GlideRecord.query has potential memory leak or unnecessary list accumulation
I'd like to use pysnc to iteratively (with fixed space/memory) consume a very large ServiceNow table. Based on what I saw in the docs and looking at the source code of PySNC, it appears GlideRecord.query performs pagination and uses an iterator to yield results.
However, I'm using pysnc==1.1.7 and experienced about 9% increase in memory use for every 5000 records queried. It's as if pysnc is storing all records in memory even after I've consumed or iterated past those records, which isn't very standard Python iterator/generator behaviour.
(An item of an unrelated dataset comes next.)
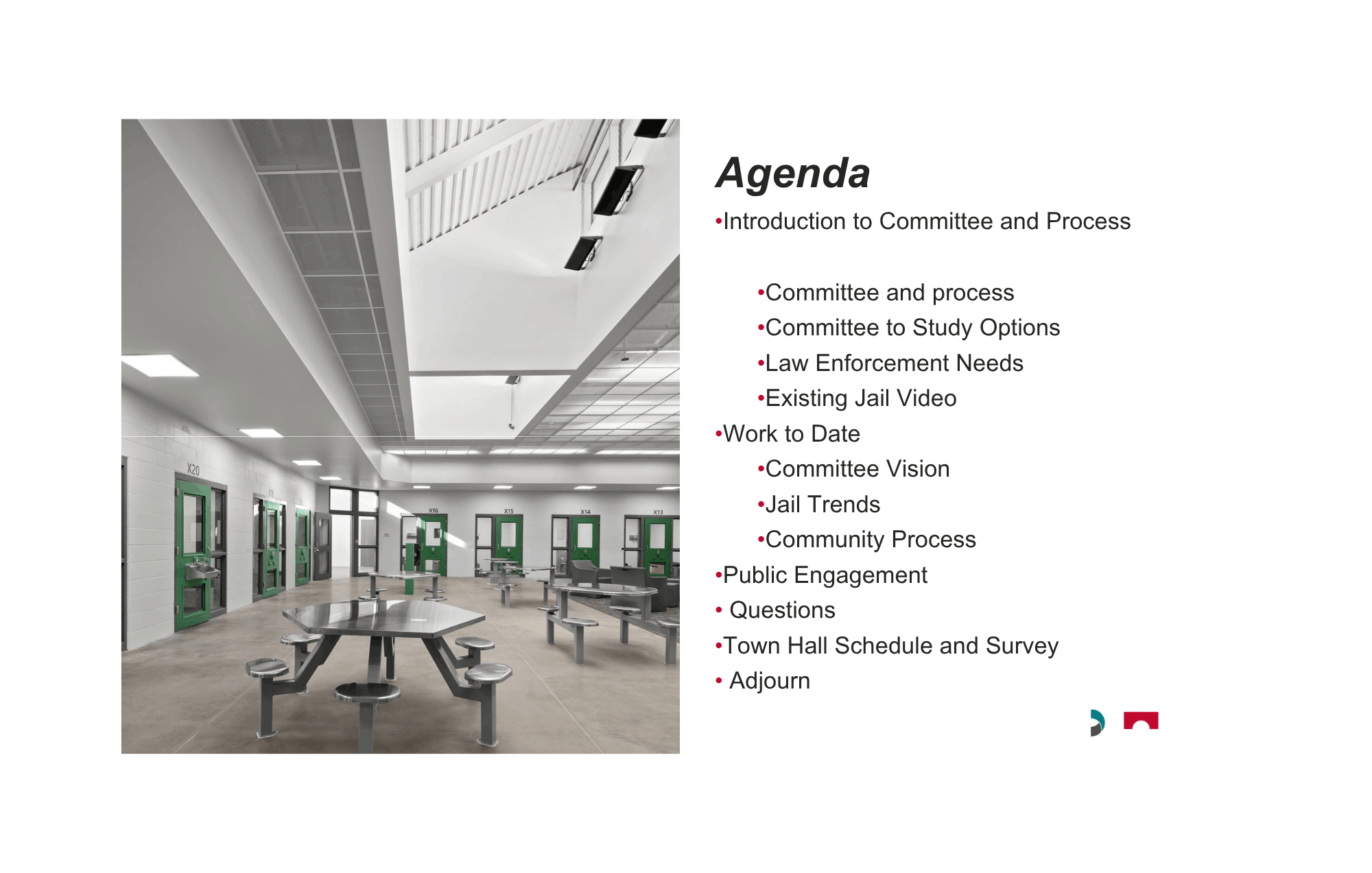 An overview is provided of the committee and its process, beginning with how the group was formed and its overall purpose. It explains the role of the Committee to Study Options, outlines law enforcement needs, and includes a look at the existing jail through video materials. The content highlights work completed to date and shares the committee’s vision moving forward, while also examining current jail trends that may influence future decisions. Emphasis is placed on the community process and public engagement, encouraging residents to ask questions and stay involved. Information about upcoming town hall meetings and a community survey is also included, concluding with final remarks and adjournment.

I'd like the issue resolved in way where the script below runs without crashing and consumes only static/fixed memory, perhaps only storing/yielding rows of a single "batch".
Here's a minimum repro script
#!/usr/bin/env python3
import pysnc
import dataclasses
import logging
import os
import typing as t
@dataclasses.dataclass(frozen=True)
class Filter:
key: str
val: str
def __str__(self) -> str:
return f"{self.key}={self.val}"
@dataclasses.dataclass(frozen=True)
class TableQuery:
table: str
filters: t.List[Filter]
limit: int
BATCH_SIZE = 5000
def query(client: pysnc.ServiceNowClient, params: TableQuery) -> t.Iterator[pysnc.GlideRecord]:
gr = client.GlideRecord(params.table, BATCH_SIZE)
gr.display_value = False
gr.limit = params.limit
for filter_ in params.filters:
gr.add_query(filter_.key, filter_.val)
gr.query()
for r in gr:
yield r
def consume_stream(records: t.Iterator[pysnc.GlideRecord]) -> None:
""" dummy consumer function kept short for brevity
in reality there is extra business logic before using csv.DictWriter """
for r in records:
r.serialize()
def main() -> None:
# Setup
logging.basicConfig(level=logging.DEBUG)
env = os.environ.copy()
username, password = env["SERVICE_NOW_TOKEN"].split(':', 1)
client = pysnc.ServiceNowClient(env["SERVICE_NOW_URL"], (username, password))
# Go!
params = TableQuery("sys_user", [Filter("active", "true")], 10**6)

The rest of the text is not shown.